What are the performance and technical requirements for circuit boards

The performance and technical requirements of circuit boards mainly include the following core elements:

Performance Requirements

High reliability: Long term stable operation is required in extreme environments such as high temperature, low temperature, high humidity, and vibration. Material selection and manufacturing processes must meet extremely high standards.

Heat dissipation performance: Effective heat conduction is required during high load operation to avoid overheating of components.

Electromagnetic shielding: prevents electromagnetic interference from affecting external devices while protecting internal information from leakage.

Mechanical strength: able to withstand physical stresses such as vibration and impact, ensuring long-term use without deformation.

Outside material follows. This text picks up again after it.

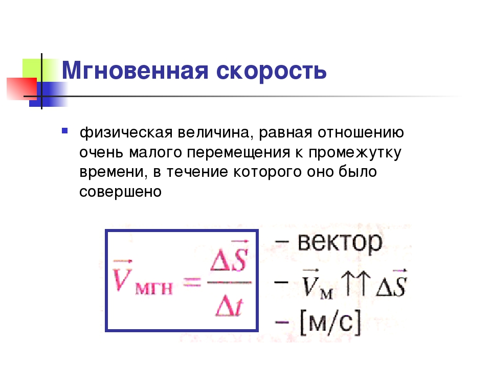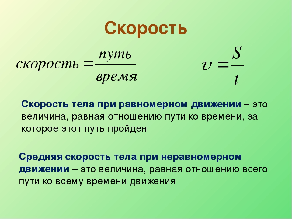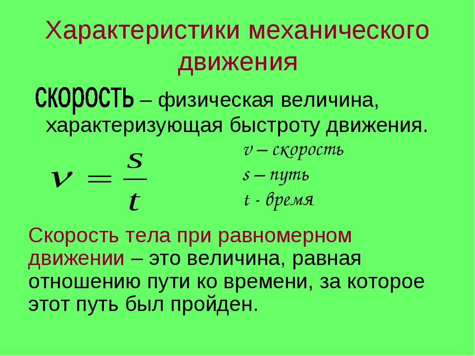 Скорость равномерного прямолинейного движения — это векторная физическая величина, равная отношению перемещения тела S за любой промежуток времен к значению этого промежутка t:

Durability: Adapt to complex environments and extend service life.

Technical Requirements

Material selection: The substrate material should have high mechanical strength, heat resistance (such as FR-4 glass fiber substrate), and low thermal expansion coefficient (such as PTFE, LCP material).

Process standards:

Dimensional accuracy: Board edge width ≥ 50mm, length ≥ 50mm, curvature ≤ 1.2mm (upward) or 0.5mm (downward).

Surface treatment: The flatness of the solder mask layer affects the accuracy of component mounting, and the roughness needs to be controlled within a reasonable range.

Processing accuracy: Laser drilling technology enhances high-density interconnection capability, and multi-layer design needs to balance signal transmission and anti-interference ability.

Testing and verification: including environmental adaptability tests such as cold and hot cycles, vibration, and drops, as well as electrical performance verification such as high-frequency and electrostatic discharge.

Design principle: Adhere to the 3W principle (line spacing ≥ 3 times line width), and plan the ground wire circuit reasonably to suppress interference.

Application scenarios

Military/aerospace industry: requires high confidentiality, radiation resistance, and extreme environmental adaptability.

Automotive electronics: requires salt spray testing and wet heat aging testing to adapt to a temperature range of -40 ° C to 125 ° C.

Communication/New Energy: High frequency and high-speed technology uses materials such as PTFE to improve signal transmission efficiency.